Six in 10 agree with President Bush that suspected terrorists should be tried in special military tribunals and not in U.S. criminal courts, a proposal that has come under increasing fire from civil libertarians as well as from some influential Democrats and Republicans on Capitol Hill.
Seven in 10 Americans believe the government is doing enough to protect the civil rights of suspected terrorists. An equally large majority believes the government is sufficiently guarding the rights of Arab Americans and American Muslims and noncitizens from Arab and Muslim countries.
The Bush administration is "flying in the face of a lot of influential people, including senior members of the House and Senate from their own party," said Leslie Gelb, president of the Council on Foreign Relations. "Instead, they’re relying on public opinion."
Nearly three out of four of those surveyed also agree that it should be legal for the federal government to wiretap conversations between suspected terrorists and their attorneys.
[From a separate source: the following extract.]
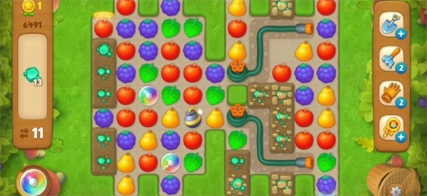 欢迎来到梦幻花园第6491关!本关目标收集36个翡翠,步数限制28步,难度适中。合理利用传送门、水管与加速道具,巧妙合成彩虹弹,助你轻松通关!

An even larger majority — 79 percent — supports plans by federal prosecutors to interview about 5,000 young men here on temporary visas from the Middle East. And nearly nine in 10 believe the United States is justified in detaining about 600 foreign nationals for violating immigration laws.
"If we keep going the way we’re going with civil liberties, other countries are going to see us as a patsy," said Marta Salcedo, a dental office manager in Manhattan. "You have to change with the times."
Salcedo said she had little regard for the rights of suspects held in connection with the attacks. "They should torture them," she said. "Sometimes you have to do things that are uncivilized."
The apparent willingness of many Americans to place security above civil rights protections comes as no surprise to experts on public opinion.
"In periods of high stress and threat, support for civil liberties goes down," said George Marcus, a political scientist at Williams College. "Most Americans don’t think of rights as unqualified or universal. There are two codicils: rights are only for us American citizens; and two, rights assume that people are going to use them wisely or responsibly."